Üstelik bir de, mekandaki Schiller Chiemsee adlı namı yürüyesice -bir nevi pastanede- gösterim öncesi yapılacak ikramları düşünürseniz, bu fırsatı kaçırmamak için gösterdiğim çabaları anlayışla karşılarsınız umarım..

Sora sora bulduğum mekanın, uzay merkezlerindekini andıran (Gördüğüm uzay merkezlerini saysam şaşarsınız.) multi plazma monitörlerle donatılmış asansörüyle geniş sinema katına vardığımda, civarda mebzul miktarda bulunan ve gözleri "bir iş buyursalar da hemen yapsam" düşünceleriyle fıldır fıldır oynayan elemanlara, ilk önce tuvaletleri denetlemek istediğimi söyledim..

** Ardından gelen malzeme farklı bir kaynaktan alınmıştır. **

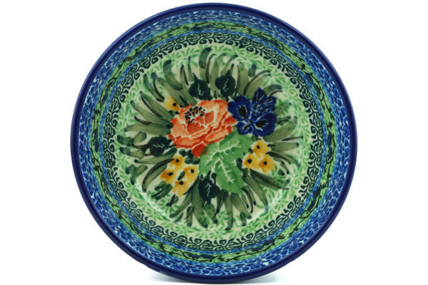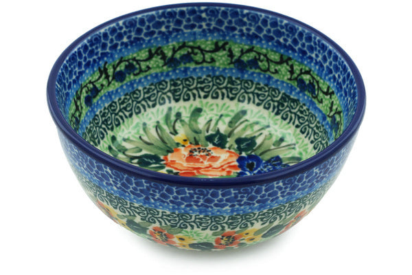 This Splendid Meadow 5" Bowl was handmade and hand decorated in Boleslawiec, Poland by skilled artisans according to old traditional methods. This is a Polish pottery Signature Unikat, which means that it has been hand painted with both sponges and brushes and it is signed by the artist who painted it. Unikat pieces are the most intricate works of art. Larger Unikat items take hours of very careful work to finish. This Polish stoneware is microwave, dishwasher, freezer, and oven safe up to 480°F. It does not contain lead or cadmium. It is part of the Splendid Meadow Collection.
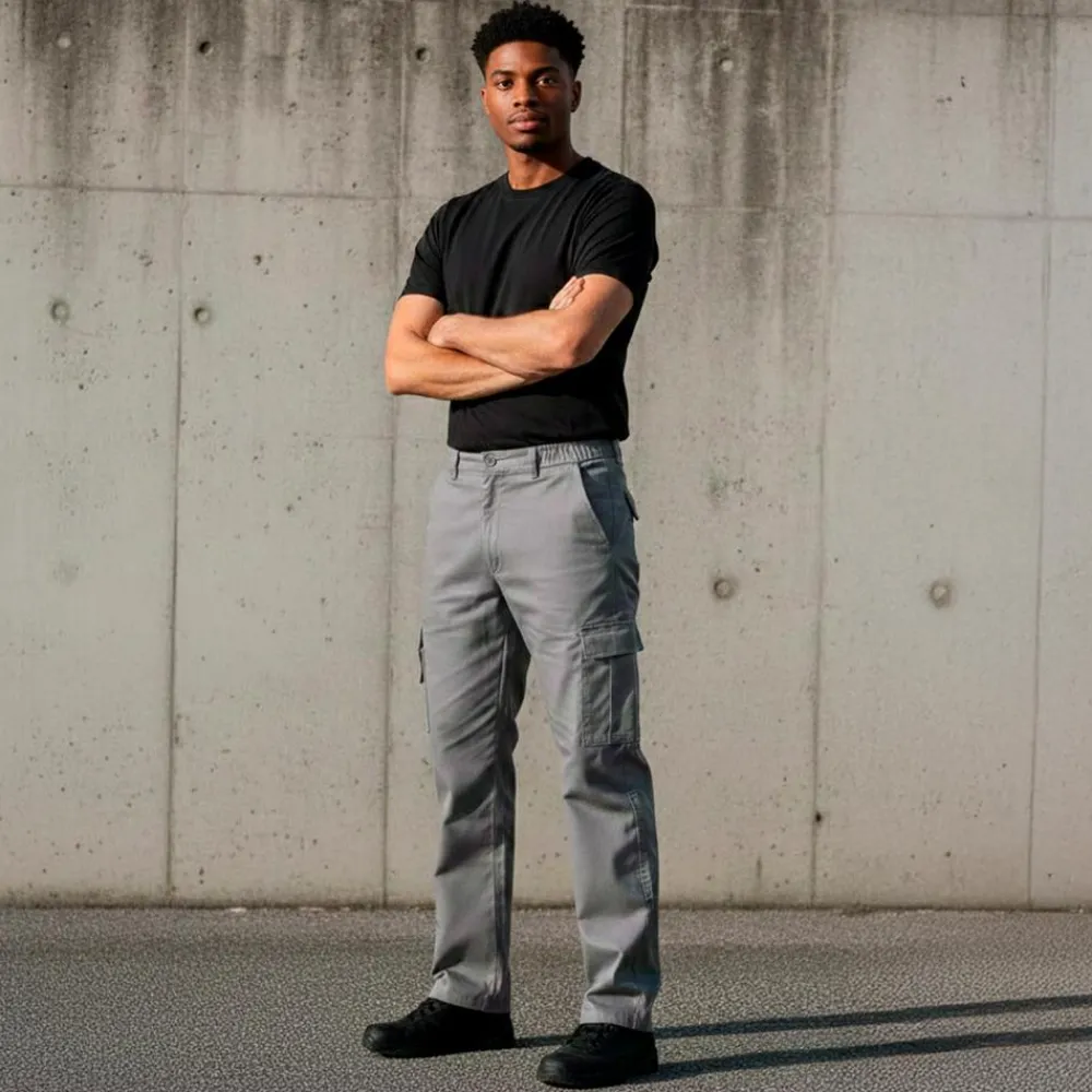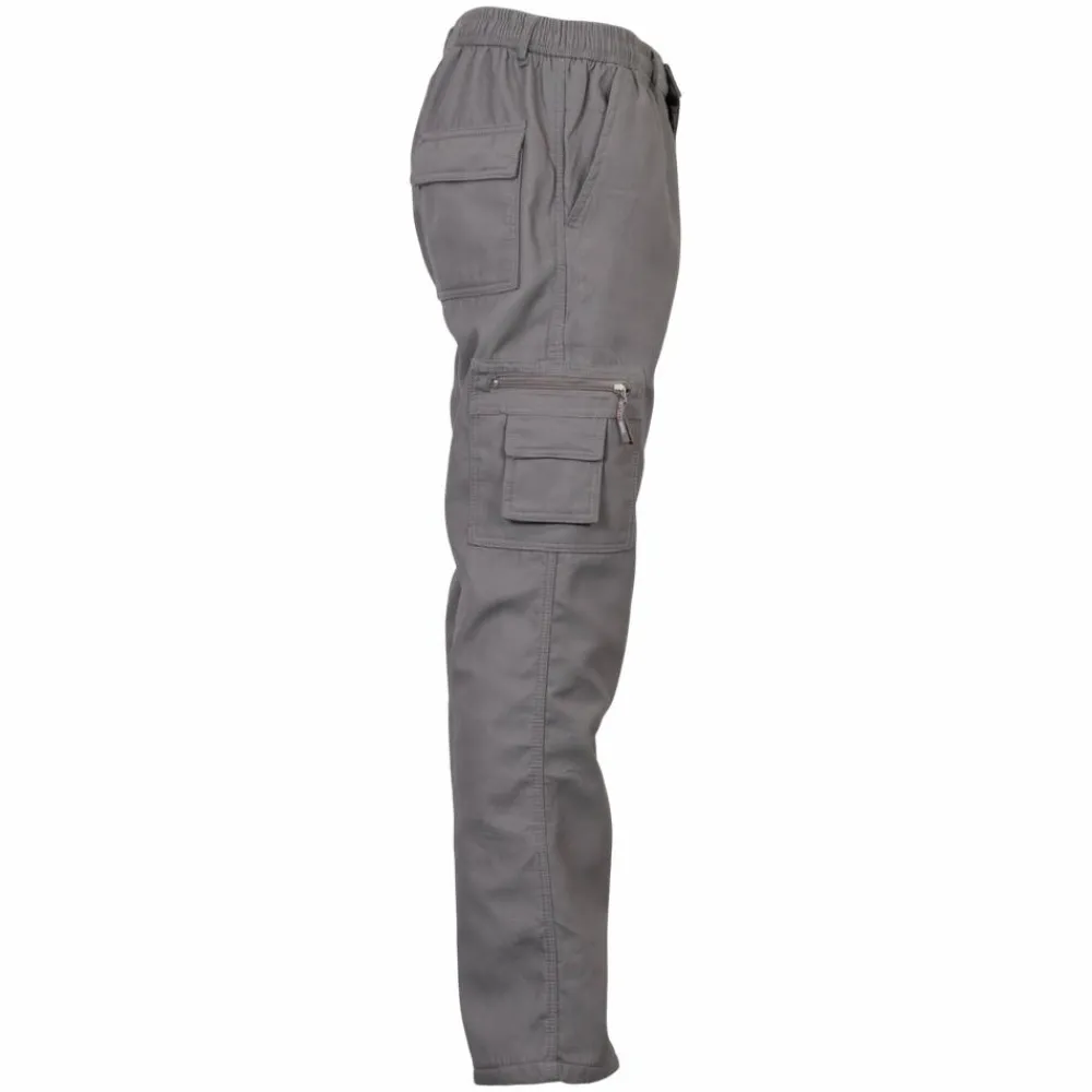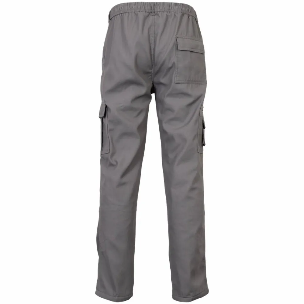 • 100% bomuld • Farve: lysegrå • Pasform: regular med let taper • Talje: elastisk med knaplukning • Lommer: to forlommer og to cargolommer med klap • Anvendelse: hverdag, arbejde og ture udendørs

Benim, bu lüks ötesi aptesanelere girip de 'pis bir şeyler' yapmaktan -adeta- çekinme psikolojimin, Türk halkının geneli için pek bir şey ifade etmediğini zaten biliyordum..
Burada da, benden önceki ziyaretçinin, -insanlığın geleceğine bir nişan bırakırcasına- oluşturduğu izlerine bakarak, bu acı gerçeğin farkına bir kez daha, -hem de ibretle- vardım..

Bölgeyi hızla terk ederek ve farkındalıklarımı geride bırakarak -bir süredir uzaktan da olsa tanıştığım- yazar arkadaşlarımın bulunduğu pastanenin bir koltuğuna iliştim ve de şahane lezzetteki iki fincan çayla ortama ısındım..

Daha sonra da -yine- 'uzay merkezi' tadındaki, 'ergonomik ve ortopedik' olmaları ihtimali bir hayli yüksek, acayip şekilli koltuklarıyla göze çarpan salona duhul edip, seyir pozisyonu aldım..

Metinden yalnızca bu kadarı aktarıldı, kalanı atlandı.